The Australian Information Commissioner has powers under the Privacy Act 1988 and other legislation to make or approve legally binding guidelines and rules. These are legislative instruments and are generally required under the Legislative Instruments Act 2003 to be registered and published on the Federal Register of Legislative Instruments and tabled in the Parliament.
To assist agencies, businesses and individuals, the Office of the Australian Information Commissioner (OAIC) also issues non-binding guidelines, which can be found on the Advisory privacy guidelines page, and resources, which can be found in the Privacy resources section.
The Guidelines under section 95 of the Privacy Act 1988 (2014) have been issued by the National Health and Medical Research Council with the approval of the Privacy Commissioner. They outline requirements for the protection of privacy in the conduct of medical research.
The Guidelines approved under Section 95A of the Privacy Act 1988 (2014) (Section 95A guidelines) provide a framework for human research ethics committees to assess proposals to handle health information (without the consent of the subject). This handling is for the purposes of research, the compilation or analysis of statistics, or health service management. The Section 95A guidelines also require that ethics committees weigh the public interest in those activities against the public interest in the protection of privacy.

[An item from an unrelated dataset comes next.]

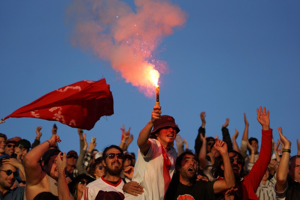 The one and only previous meeting of these two sides was a 1-1 draw under lights at William Green Domain. That night saw Waiheke ultras scaling the fence to let off flares from high above Pakuranga Road. This time, on a brilliantly sunny winter afternoon at their Onetangi Sports Park home, a phenomenal crowd of circa 600 gathered to sing, dance, drum, throw streamers, rip flares and provide easily the best atmosphere you will ever see at a football game in this country.

Use and disclosure of genetic information to a patient's genetic relatives under s 95AA of the Privacy Act: Guidelines for health practitioners in the private sector (2014) has been issued by the National Health and Medical Research Council with the approval of the Privacy Commissioner.
The Privacy (Persons Reported as Missing) Rule 2014 is a legislative instrument made under s 16A(2) of the Privacy Act and applies for the purposes of permitted general situation 3 in the s 16A(1) table. The Rule applies from 12 March 2014.
The Personally Controlled Electronic Health Records Act 2012 (the PCEHR Act) establishes the personally controlled electronic health record (PCEHR) system. The Australian Information Commissioner (the Information Commissioner) has various enforcement and investigative powers in respect of the PCEHR system, under both the PCEHR Act and the Privacy Act 1988 (Privacy Act).